A REJECTED SUITOR.

All the next day Phebe remained very near to her father, leaving her house-work and painting to sit beside him on the low chair he had carved for her when she was a child. For the first time she noticed how slowly he caught her meaning when she spoke to him, and how he himself was forgetting how to express his thoughts on his fingers. The time might come when he could no longer hold any intercourse with her or she with him. There was unutterable sadness in this new dread.

"You used to laugh and sing," he said, "but you never do it now: never since he robbed me. He robbed me of that too. I'm a poor, helpless, deaf old man; and God never let me hear my child's voice. He used to tell me it was sweet and pleasant to hear; and your laugh made every one merry who heard it. But I could see you laugh, and now I never see it."
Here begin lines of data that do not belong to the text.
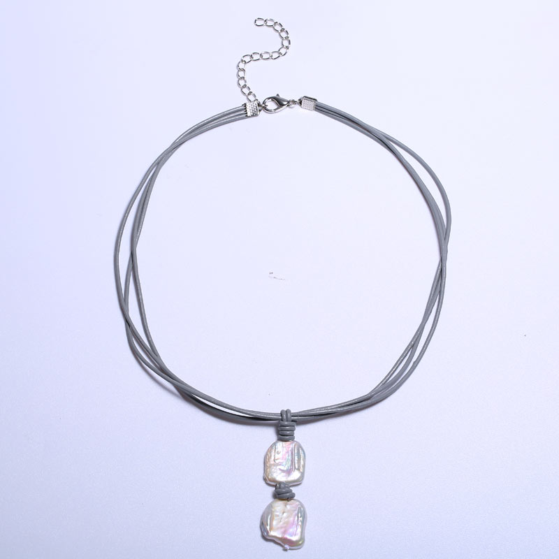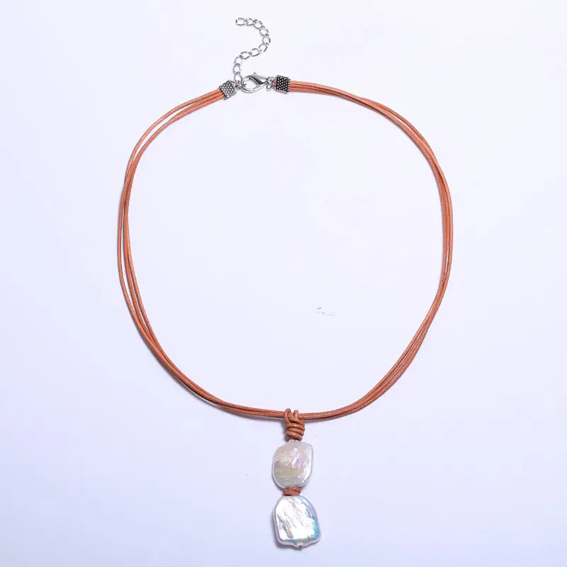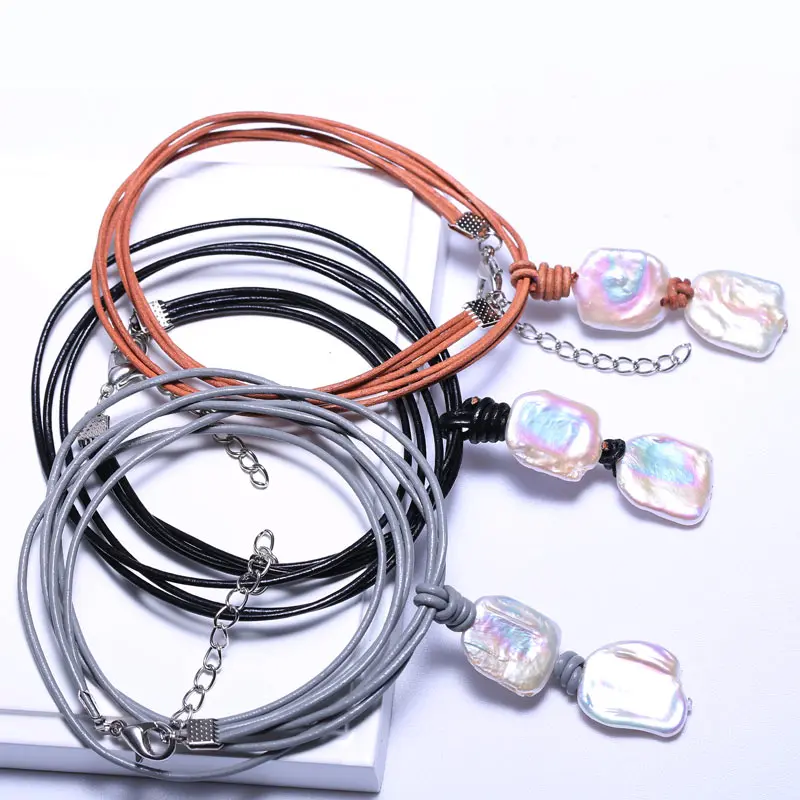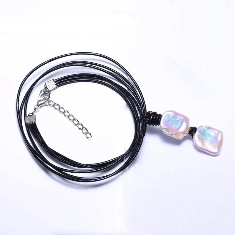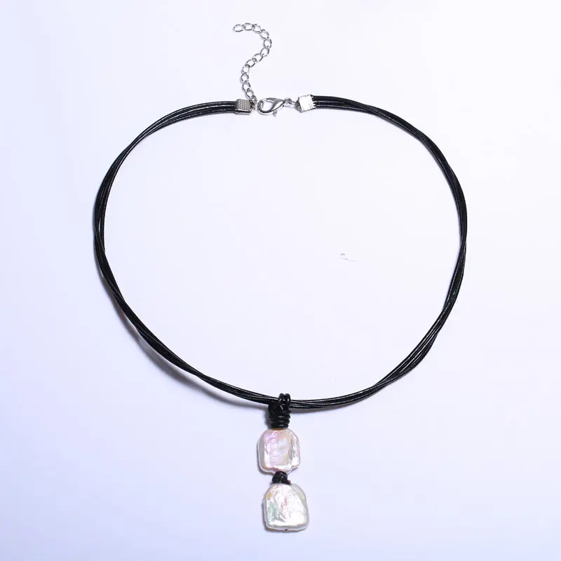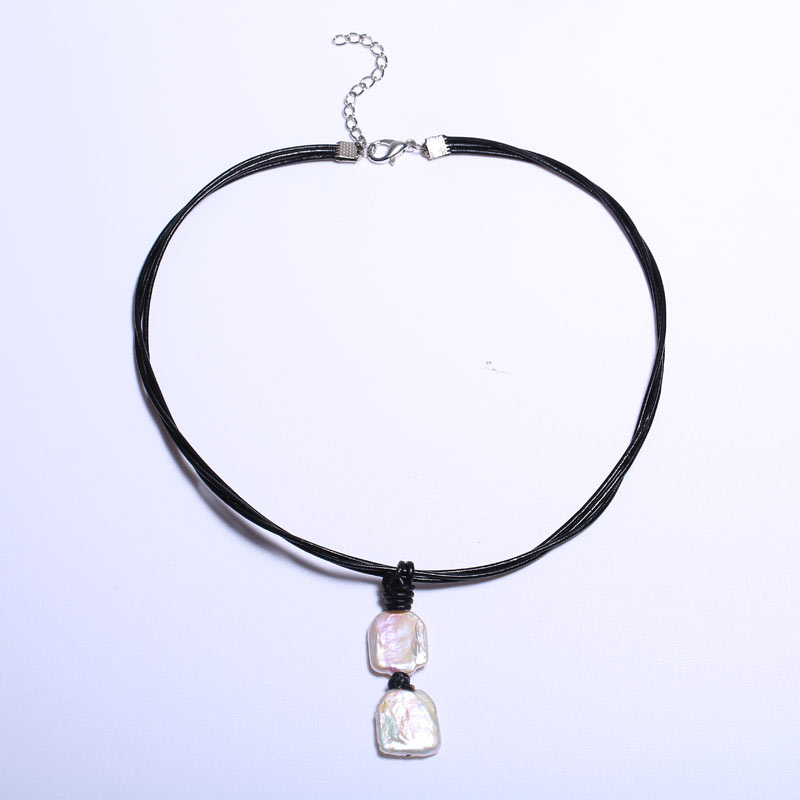Pearl Necklace Pearl Leather Rope Square Size 16 -17 mm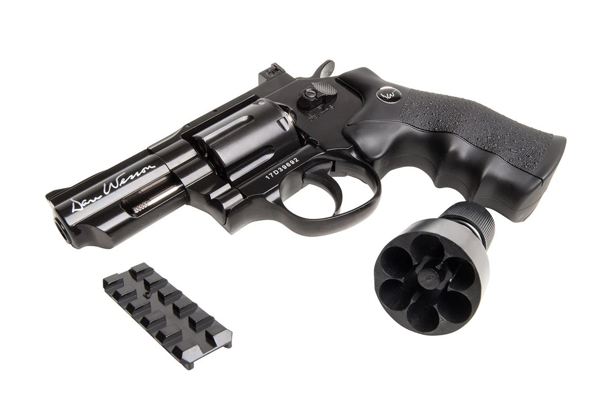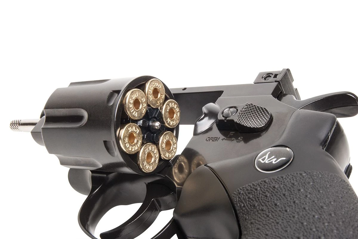 Der detailgetreue Nachbau aus dem Hause ASG mit einer Energie von ca. 1,4 Joule wird mit Co2 betrieben. Der Revolver aus Vollmetall verfügt über einen Double Action Abzug, eine verstellbare Visierung und robuste Kunststoffgriffschalen. Im Lieferumfang enthalten sind eine Montageschiene, ein Speedloader und 6 Hülsen.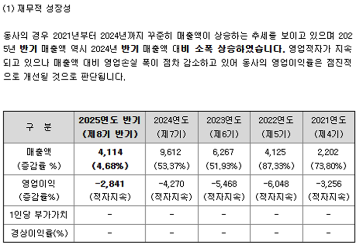 최근 3년 매출: 2022년 41.2억 원 → 2023년 62.7억 원 → 2024년 96.1억 원(연평균 63.5% 성장), 2025년 1분기 21.7억 원
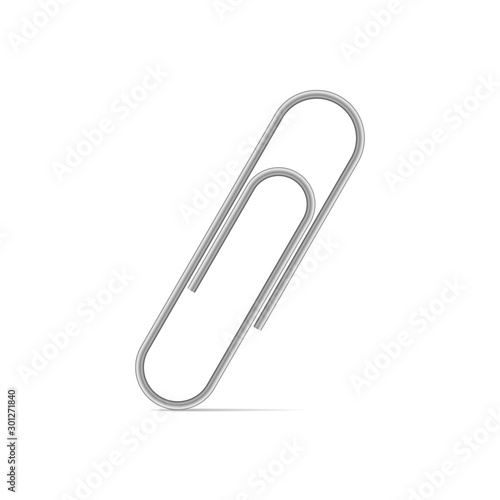 Metal paper clip isolated on white background. Vector Illustration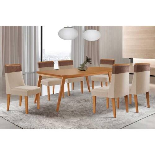 Sala de Jantar Completa Havana c/ Tampo Madeirado Canto Curvo 180x90cm e 6 Cadeiras Jaspe Naturale - Suede Creme - Rufato - Sala de Jantar Completa Rufato com 6 Cadeiras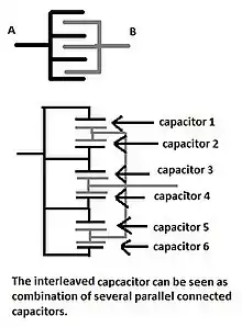 where is the capacitance for a single plate and is the number of interleaved plates.
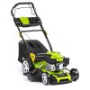 Benzínová sekačka 5 in 1 s pojezdem o 4 rychlostech a originálním motorem HECHT OHV. Koš 60 l, záběr 46 cm. Hmotnost 36,7 kg.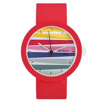 Daar word je toch vrolijk van! De wijzerplaat met speelse horizontale mulicolour strepen.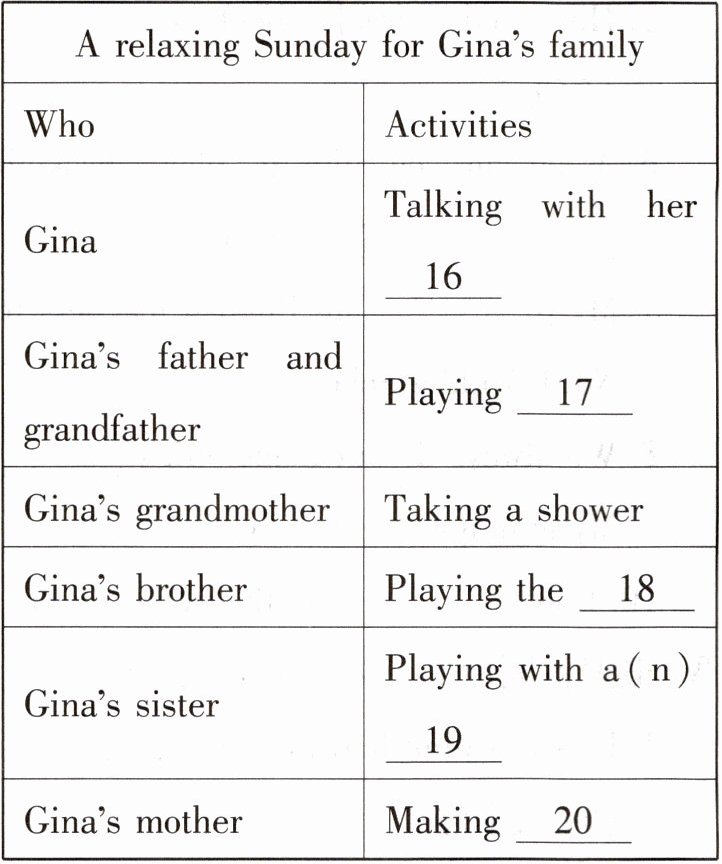 16.uncle 17.chess 18.piano 19.cat 20.soup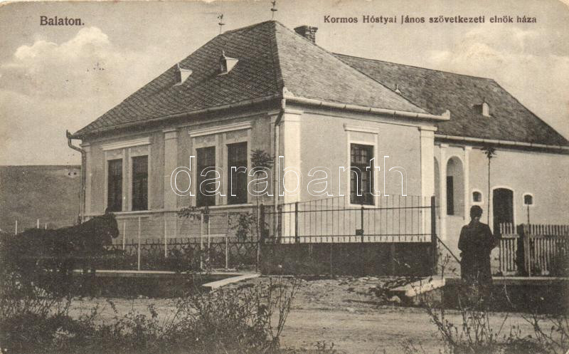 Balaton (Heves megye), Kormos Hóstyai János szövetkezeti elnök háza https://www.darabanth.com/hu/286-Gyorsarveres/286.0/Kepeslapok/Magyarorszag~200005/Balaton-Heves-megye-Kormos-Hostyai-Janos-szovetkezeti-elnok-haza~II1496511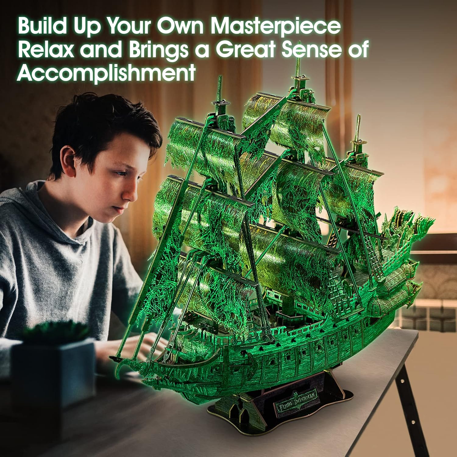 CubicFun 3D Jigsaw Puzzles Dutch Ship Model Flying Luminous Haunted Pirate Ship DIY for Adults and Kids, Building Kits Office Decoration for Women and Men, 360 Pieces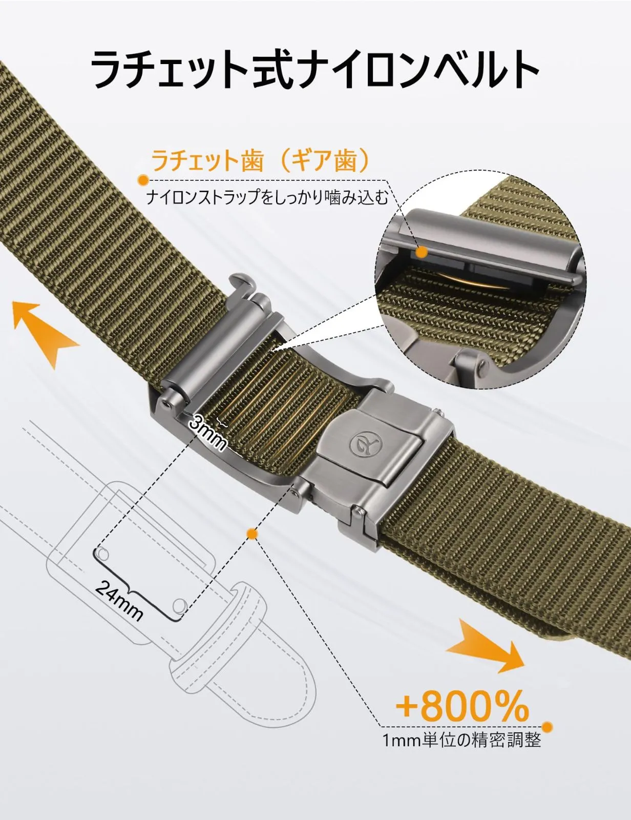 [JUKMO] ゴルフ ベルト メンズ カジュアル ラチェット式ベルト ナイロンベルト 作業用ベルト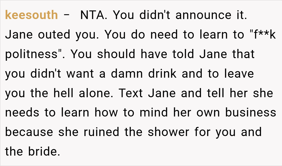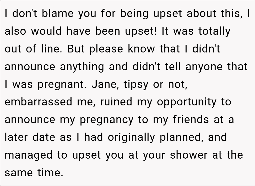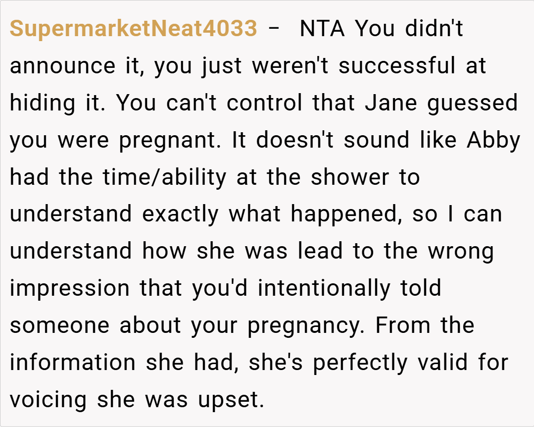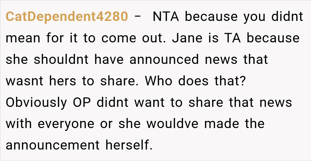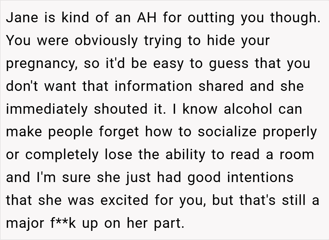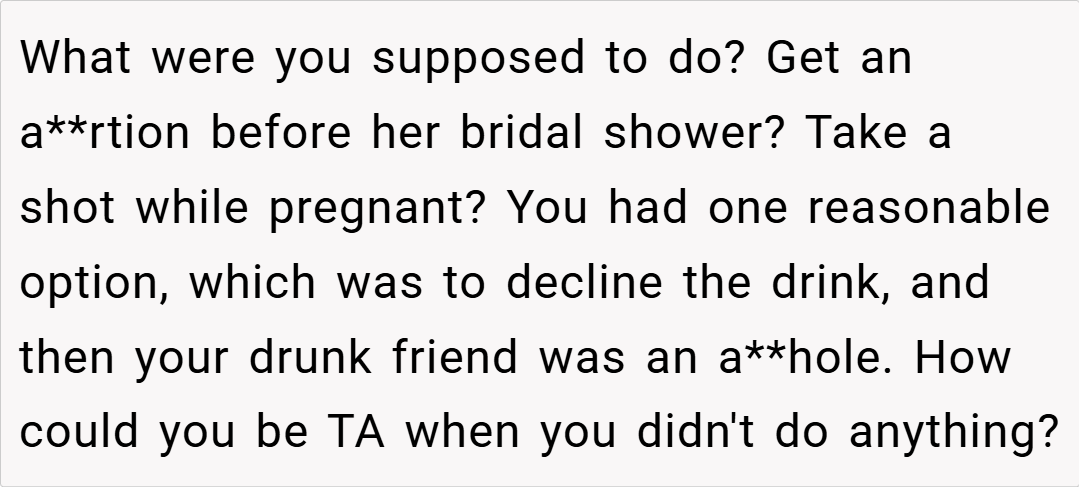 Many redditors sympathize with her need for privacy and appreciate that the announcement was not her intention but rather an unplanned moment fueled by alcohol. Others feel that in a social setting like a bridal shower, surprises happen, and perhaps she should have been prepared for a slip-up. The community remains divided on whether her reaction was justified or if she should have handled it differently in the aftermath.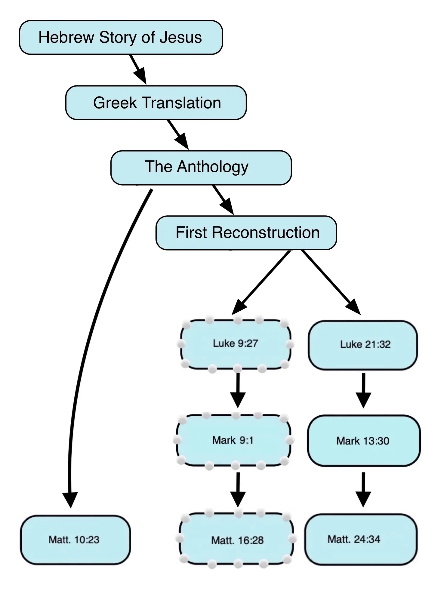 The evolution of the saying we have described correlates with the sources from which we believe each subdivision was originally taken. The version in Matt. 10:23 appears in a context where the author of Matthew drew heavily from the non-Markan source he shared with Luke, namely the Anthology (Anth.):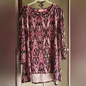 Women With Control by Renee, Size M, black and white pattern, 28" long, wide lined waistband is 3" wide, stretchy, easy care, very comfortable material. Capris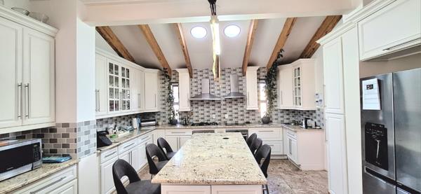 The open-plan living areas seamlessly connect the kitchen, dining room, and lounge, creating a warm and inviting flow. A built-in braai and large sliding glass doors open onto a beautifully landscaped garden ideal for year-round entertaining.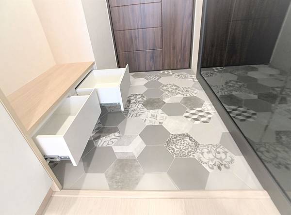 玄關入口懸吊矮抽,可坐在上方穿鞋,下方也可擺放鞋子 ,十分方便。

She could not laugh now, and her smile was sadder than tears; so she bent down her head and laid it against his knee where he could not see her face. By and by he touched her, and she lifted up her tear-dimmed eyes to his fingers.

"Promise me," he said, "not to sell this old place. It has belonged to the Marlowes from generation to generation. Who can tell but the dead come back to the place where they've lived so long? If you can, keep it for my sake."

"I promise it," she answered. "I will never sell it."

"Perhaps I shall lose my power to speak to you," he went on, "but don't you fret as if I did not forgive him as robbed me. He learnt to talk on his fingers for my sake, and I'll say 'God bless him' for your sake. If we meet one another in the next world I'll forgive him freely, and if need be I'll ask pardon for him. Phebe, I do forgive him."

As he spoke there was a brighter light in his sunken eyes, and a smile on his face such as she had not seen since the day he had helped Roland Sefton to escape. She took both of his hands into hers and kissed them fondly. But by and by, though it was yet clear day, he crept feebly up-stairs to his dark little loft under the thatched roof, and lay down on the bed where his father and grandfather had died before him.

At first he was able to talk a little in short, brief sentences; but very soon that which he had dreaded came upon him. His fingers grew too stiff to form the signs, and his eyes too dim to discern even the slowest movement of her dear hands. There was now no communication between them but that of touch, and he could not bear to miss the gentle clasp of Phebe's hand. When she moved away from him he tossed wearily from side to side, groping restlessly with his thin fingers. In utter silence and darkness, but hand to hand with her, he at last passed away.

The next few days was a strange and bewildering time to Phebe. Neighbors were coming and going, and taking the arrangements for the funeral into their own hands, with little reference to her. The clergyman of the parish, who lived three miles off, rode over the hills to hold a solemn interview with her. Mrs. Nixey would not leave her alone, and if she could have had her way would have carried her off to her own house. But this Phebe would not submit to; except the two nights she had been away when she went to the sea-side to break the news of Roland's death to Felicita and her mother, she had never been absent for a night from home. Why should she be afraid of that quiet, still form, which even in death was dearer to her than any other upon earth?